WORK REQUIRED
Transcribe word for word the lines below from the line with "Net zero and" through the line with "The Jardin Dress", ends included.
*** Opening DATA FOR THIS EXERCISE ***
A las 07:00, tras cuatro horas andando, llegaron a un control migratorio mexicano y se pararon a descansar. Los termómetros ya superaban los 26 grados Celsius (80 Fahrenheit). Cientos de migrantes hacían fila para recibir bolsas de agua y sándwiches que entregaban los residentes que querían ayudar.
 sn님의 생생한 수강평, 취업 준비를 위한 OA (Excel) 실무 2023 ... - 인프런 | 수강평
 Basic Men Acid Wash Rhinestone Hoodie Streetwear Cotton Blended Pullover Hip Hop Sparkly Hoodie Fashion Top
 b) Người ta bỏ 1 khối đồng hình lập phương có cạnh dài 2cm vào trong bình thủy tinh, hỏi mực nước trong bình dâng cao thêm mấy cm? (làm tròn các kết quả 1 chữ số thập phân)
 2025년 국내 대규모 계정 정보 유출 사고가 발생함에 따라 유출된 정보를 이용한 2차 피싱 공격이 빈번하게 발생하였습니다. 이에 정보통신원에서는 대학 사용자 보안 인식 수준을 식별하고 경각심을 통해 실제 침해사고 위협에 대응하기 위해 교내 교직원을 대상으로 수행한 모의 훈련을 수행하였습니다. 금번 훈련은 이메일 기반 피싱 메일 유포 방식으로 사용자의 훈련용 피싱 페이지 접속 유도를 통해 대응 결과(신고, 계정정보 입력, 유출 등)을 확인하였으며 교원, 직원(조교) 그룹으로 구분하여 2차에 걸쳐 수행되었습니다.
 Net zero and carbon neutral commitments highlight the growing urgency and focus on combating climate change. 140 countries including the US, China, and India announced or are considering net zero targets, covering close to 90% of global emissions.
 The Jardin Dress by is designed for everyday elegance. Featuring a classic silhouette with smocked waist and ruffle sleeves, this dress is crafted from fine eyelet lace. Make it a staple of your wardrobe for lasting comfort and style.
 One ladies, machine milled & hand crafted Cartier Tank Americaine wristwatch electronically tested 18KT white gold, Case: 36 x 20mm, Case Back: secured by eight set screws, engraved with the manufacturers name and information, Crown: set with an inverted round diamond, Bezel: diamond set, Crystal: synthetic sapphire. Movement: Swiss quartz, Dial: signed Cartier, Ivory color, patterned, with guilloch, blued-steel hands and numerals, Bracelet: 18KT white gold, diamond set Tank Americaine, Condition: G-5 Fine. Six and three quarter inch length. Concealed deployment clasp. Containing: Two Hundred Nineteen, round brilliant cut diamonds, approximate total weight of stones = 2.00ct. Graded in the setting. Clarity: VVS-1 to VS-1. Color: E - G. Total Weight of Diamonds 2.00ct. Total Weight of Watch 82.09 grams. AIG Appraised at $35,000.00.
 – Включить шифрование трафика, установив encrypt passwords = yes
*** Closing DATA FOR THIS EXERCISE ***
ANSWER FOR THE TASK
 Net zero and carbon neutral commitments highlight the growing urgency and focus on combating climate change. 140 countries including the US, China, and India announced or are considering net zero targets, covering close to 90% of global emissions.
 The Jardin Dress by is designed for everyday elegance. Featuring a classic silhouette with smocked waist and ruffle sleeves, this dress is crafted from fine eyelet lace. Make it a staple of your wardrobe for lasting comfort and style.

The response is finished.